> Data provided
++++++

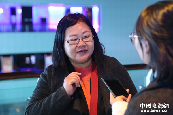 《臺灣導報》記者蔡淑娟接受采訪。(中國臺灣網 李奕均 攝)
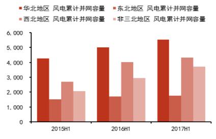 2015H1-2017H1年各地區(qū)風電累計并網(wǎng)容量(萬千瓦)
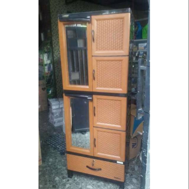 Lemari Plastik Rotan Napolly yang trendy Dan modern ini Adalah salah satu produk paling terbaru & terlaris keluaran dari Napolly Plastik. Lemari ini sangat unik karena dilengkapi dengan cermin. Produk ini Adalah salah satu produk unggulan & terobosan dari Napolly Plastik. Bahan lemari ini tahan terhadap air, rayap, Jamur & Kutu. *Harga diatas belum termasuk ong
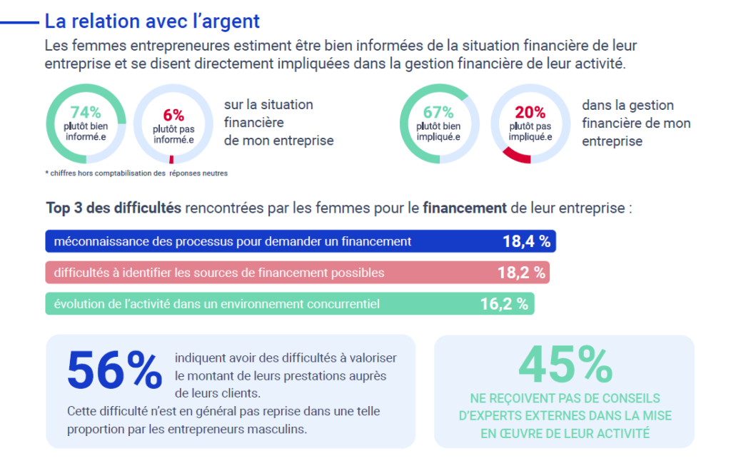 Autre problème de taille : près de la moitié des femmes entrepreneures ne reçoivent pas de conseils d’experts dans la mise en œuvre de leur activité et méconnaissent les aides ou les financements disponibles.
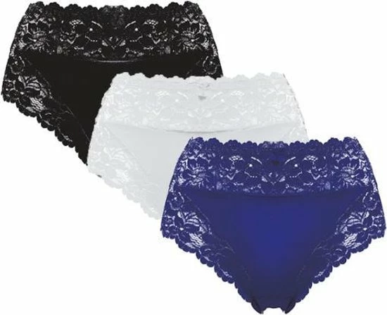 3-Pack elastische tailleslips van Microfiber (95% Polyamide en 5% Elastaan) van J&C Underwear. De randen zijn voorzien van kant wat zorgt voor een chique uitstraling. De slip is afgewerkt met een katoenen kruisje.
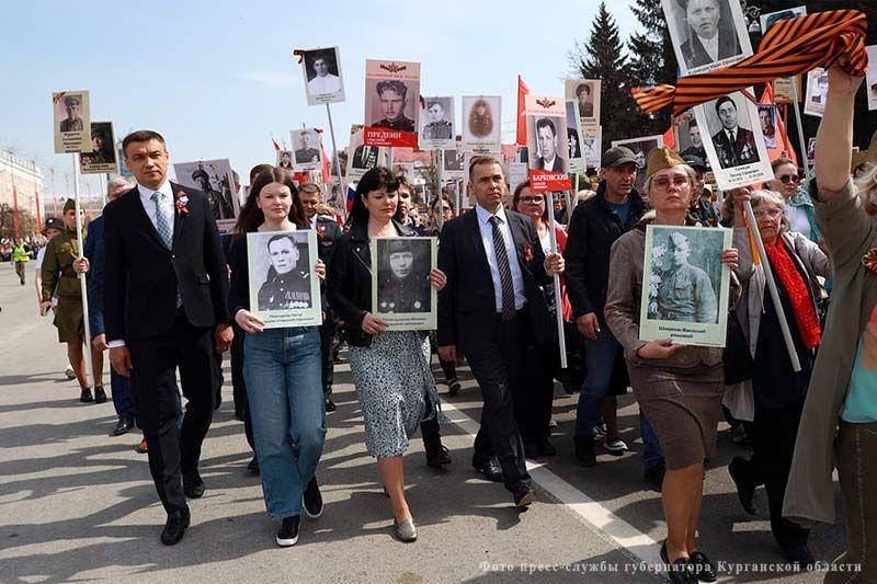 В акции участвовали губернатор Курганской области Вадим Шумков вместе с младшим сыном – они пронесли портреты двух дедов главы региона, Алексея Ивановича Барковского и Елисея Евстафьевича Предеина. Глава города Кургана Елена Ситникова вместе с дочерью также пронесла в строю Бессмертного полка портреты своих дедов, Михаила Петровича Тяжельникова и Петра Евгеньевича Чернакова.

++++++

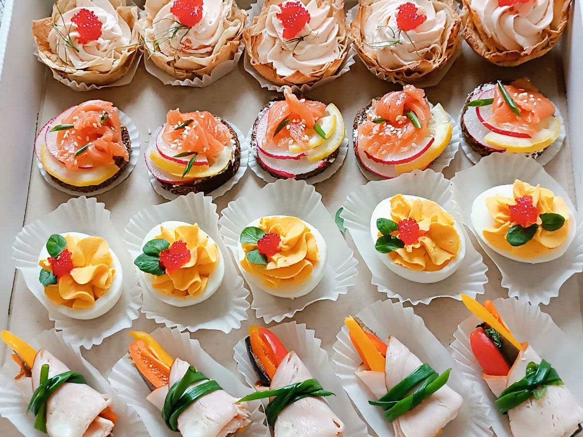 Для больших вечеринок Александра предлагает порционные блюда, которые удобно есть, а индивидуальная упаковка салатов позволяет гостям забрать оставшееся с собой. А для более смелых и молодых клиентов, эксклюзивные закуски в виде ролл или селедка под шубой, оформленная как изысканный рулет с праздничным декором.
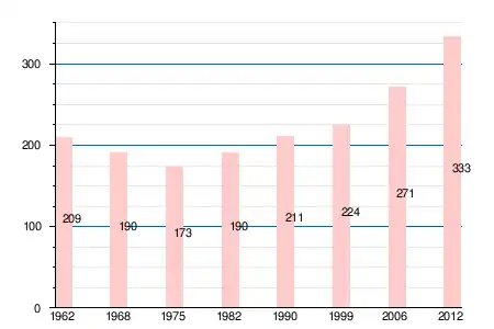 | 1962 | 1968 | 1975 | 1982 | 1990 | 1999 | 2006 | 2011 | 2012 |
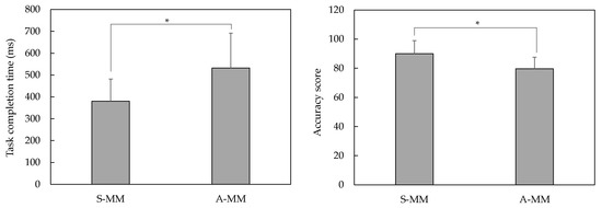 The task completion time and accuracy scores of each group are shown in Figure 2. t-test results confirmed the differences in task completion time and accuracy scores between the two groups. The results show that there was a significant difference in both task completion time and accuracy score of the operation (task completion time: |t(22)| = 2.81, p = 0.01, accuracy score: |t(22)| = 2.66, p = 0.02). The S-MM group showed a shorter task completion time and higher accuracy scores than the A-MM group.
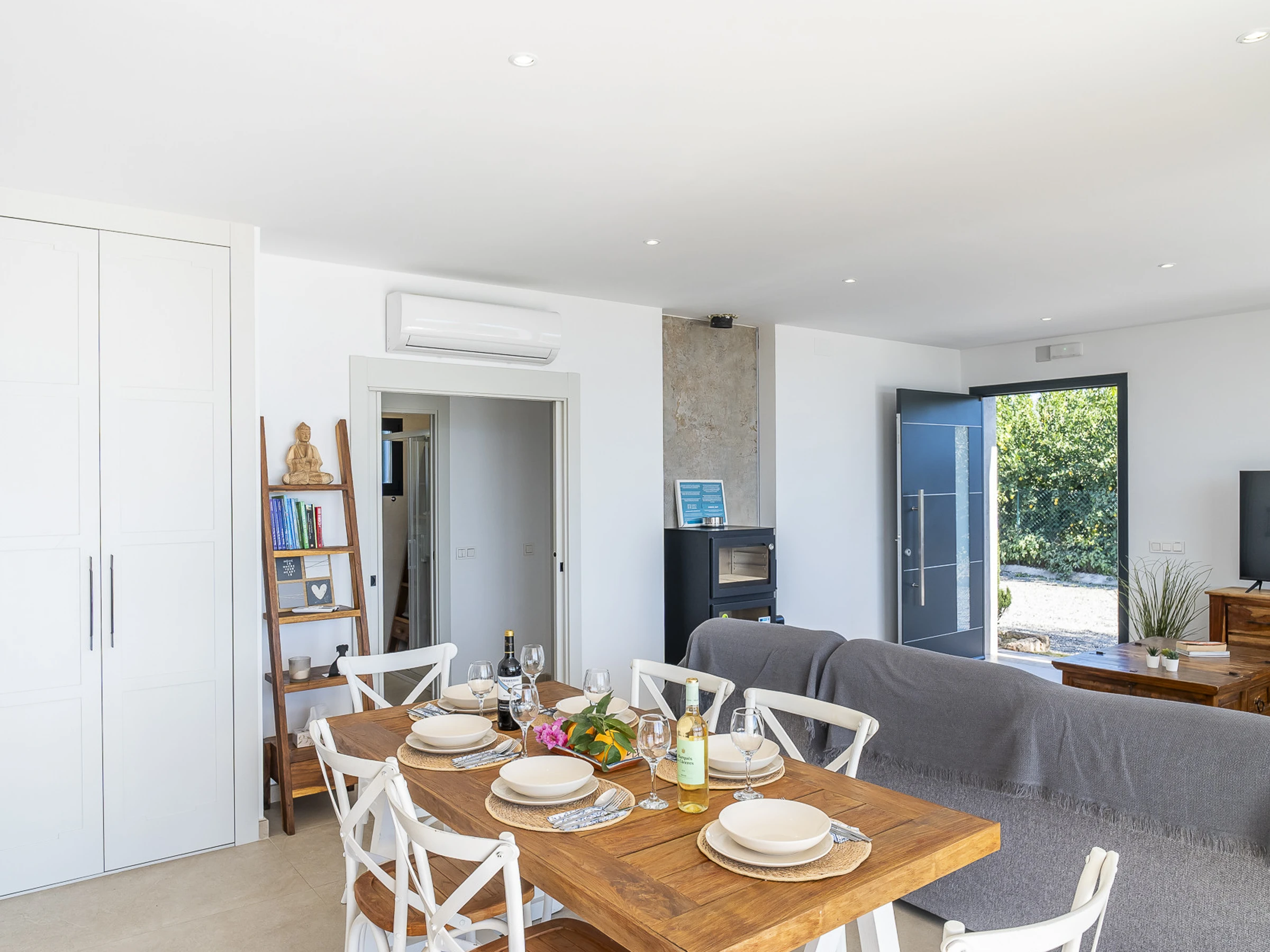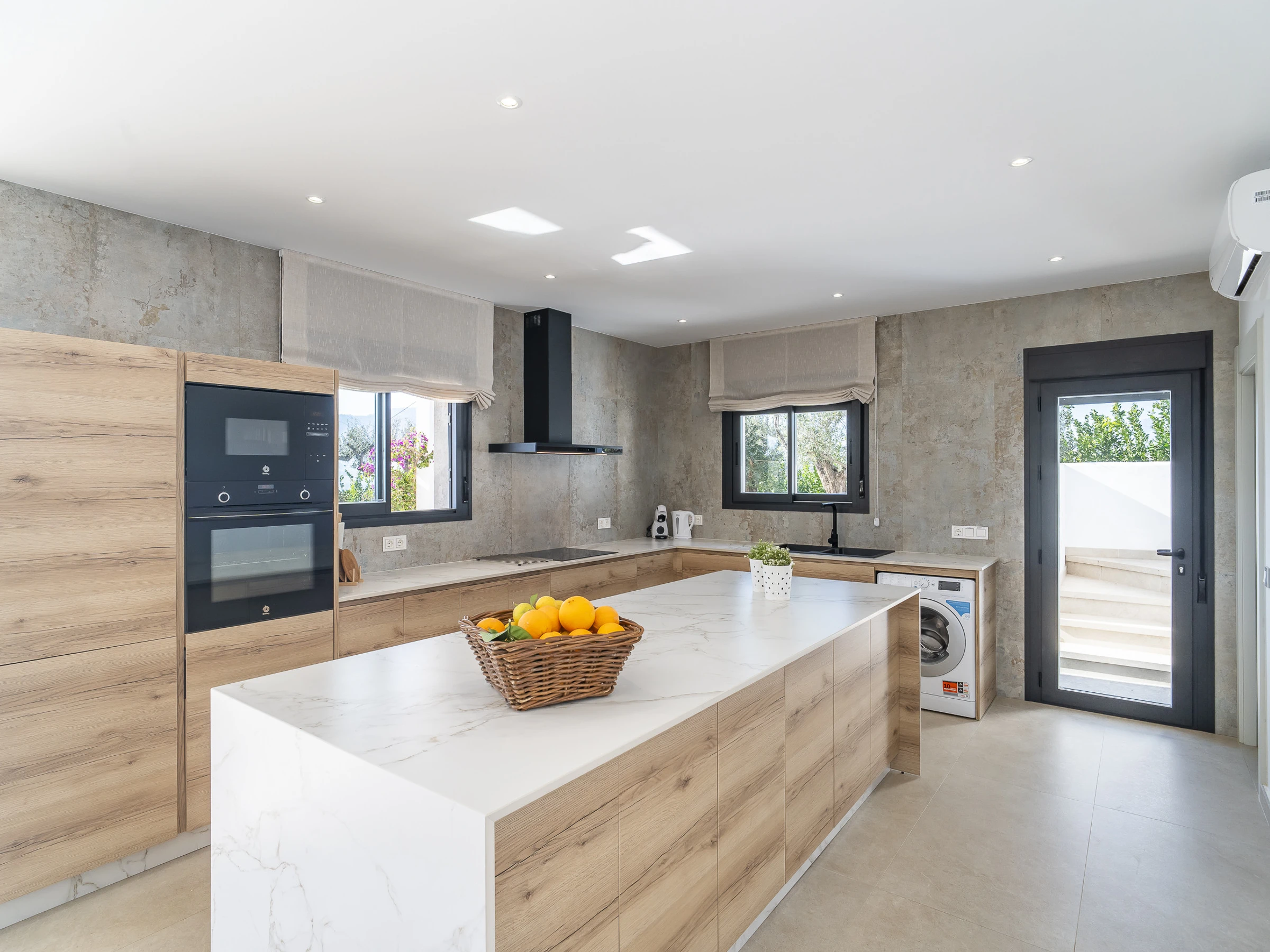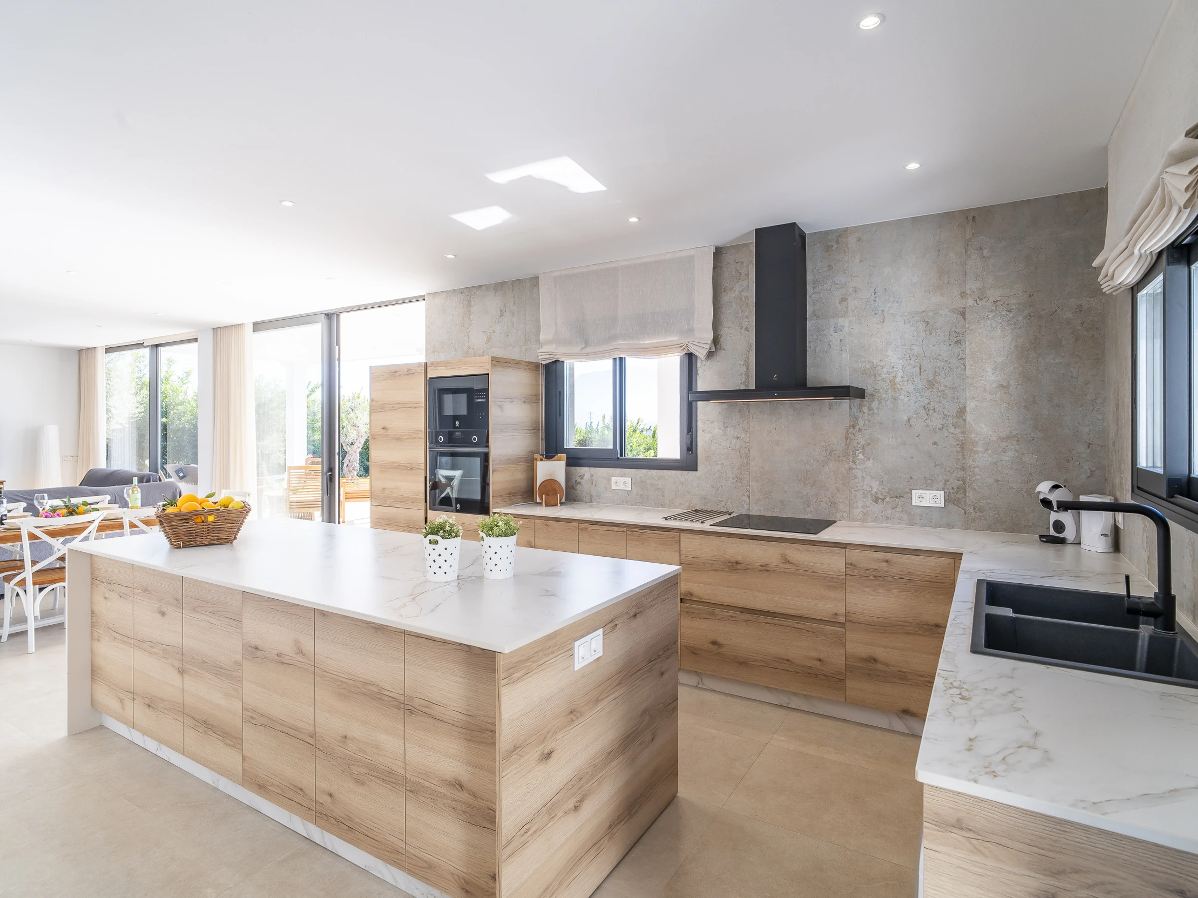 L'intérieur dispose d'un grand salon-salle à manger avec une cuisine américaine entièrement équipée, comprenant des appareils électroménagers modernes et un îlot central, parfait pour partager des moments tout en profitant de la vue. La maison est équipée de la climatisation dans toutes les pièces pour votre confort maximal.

++++++

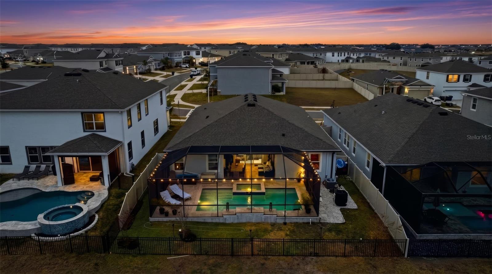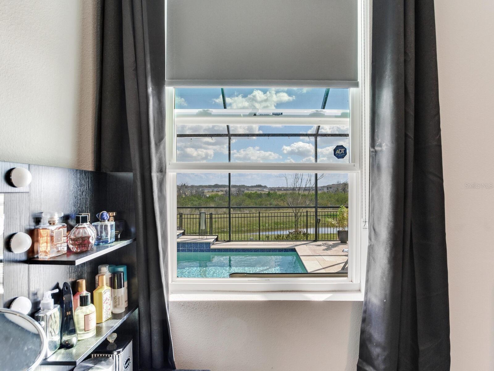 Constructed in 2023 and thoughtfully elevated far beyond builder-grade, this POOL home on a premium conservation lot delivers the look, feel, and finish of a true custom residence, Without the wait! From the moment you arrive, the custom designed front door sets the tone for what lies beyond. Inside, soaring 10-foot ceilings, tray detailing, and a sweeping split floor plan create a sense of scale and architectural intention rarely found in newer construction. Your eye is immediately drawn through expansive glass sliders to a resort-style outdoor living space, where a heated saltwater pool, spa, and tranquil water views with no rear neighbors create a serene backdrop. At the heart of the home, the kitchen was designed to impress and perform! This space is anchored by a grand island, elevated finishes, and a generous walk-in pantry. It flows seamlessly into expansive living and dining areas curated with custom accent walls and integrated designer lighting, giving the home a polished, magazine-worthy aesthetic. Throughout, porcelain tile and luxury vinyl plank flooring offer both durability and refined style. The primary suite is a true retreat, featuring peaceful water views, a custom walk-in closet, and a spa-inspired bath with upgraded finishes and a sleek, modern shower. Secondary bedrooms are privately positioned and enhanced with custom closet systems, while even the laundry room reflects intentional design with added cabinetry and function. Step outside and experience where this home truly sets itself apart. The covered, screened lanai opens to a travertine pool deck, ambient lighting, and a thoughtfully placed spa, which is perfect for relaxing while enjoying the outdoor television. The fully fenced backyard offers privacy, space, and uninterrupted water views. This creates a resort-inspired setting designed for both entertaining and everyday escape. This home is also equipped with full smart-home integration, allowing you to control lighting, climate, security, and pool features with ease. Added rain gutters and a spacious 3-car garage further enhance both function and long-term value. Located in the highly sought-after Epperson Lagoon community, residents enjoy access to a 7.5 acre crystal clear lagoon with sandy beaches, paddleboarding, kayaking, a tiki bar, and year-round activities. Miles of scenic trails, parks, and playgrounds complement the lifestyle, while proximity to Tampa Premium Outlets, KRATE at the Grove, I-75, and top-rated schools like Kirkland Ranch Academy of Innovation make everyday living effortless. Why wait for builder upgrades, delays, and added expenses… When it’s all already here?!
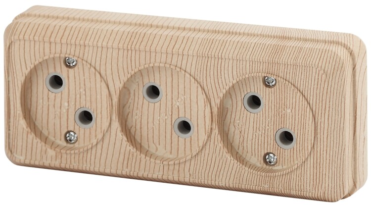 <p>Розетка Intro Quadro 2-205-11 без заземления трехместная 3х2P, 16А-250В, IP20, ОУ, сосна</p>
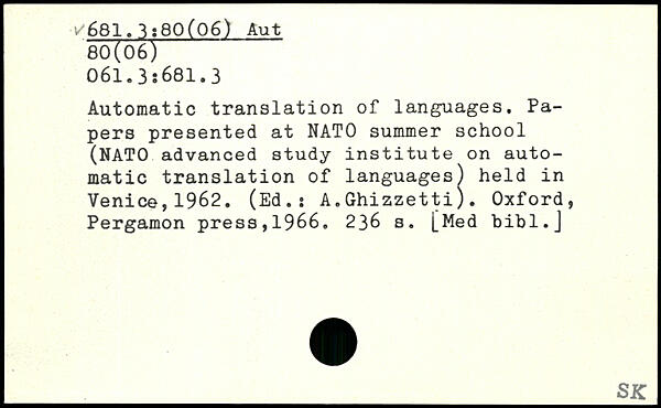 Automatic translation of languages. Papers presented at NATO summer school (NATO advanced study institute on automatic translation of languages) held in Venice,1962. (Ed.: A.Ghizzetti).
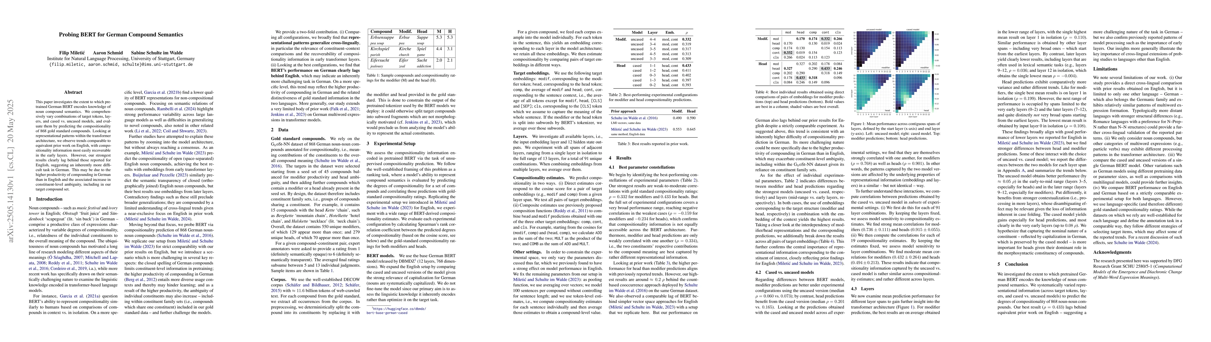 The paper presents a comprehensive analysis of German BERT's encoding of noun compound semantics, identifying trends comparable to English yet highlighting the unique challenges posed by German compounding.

++++++

All lines above starting at the one with "3-Pack elastische tailleslips" and ending at the one with "В акции участвовали", inclusive, are to be printed again exactly, with the pictures left out.

 3-Pack elastische tailleslips van Microfiber (95% Polyamide en 5% Elastaan) van J&C Underwear. De randen zijn voorzien van kant wat zorgt voor een chique uitstraling. De slip is afgewerkt met een katoenen kruisje.
 В акции участвовали губернатор Курганской области Вадим Шумков вместе с младшим сыном – они пронесли портреты двух дедов главы региона, Алексея Ивановича Барковского и Елисея Евстафьевича Предеина. Глава города Кургана Елена Ситникова вместе с дочерью также пронесла в строю Бессмертного полка портреты своих дедов, Михаила Петровича Тяжельникова и Петра Евгеньевича Чернакова.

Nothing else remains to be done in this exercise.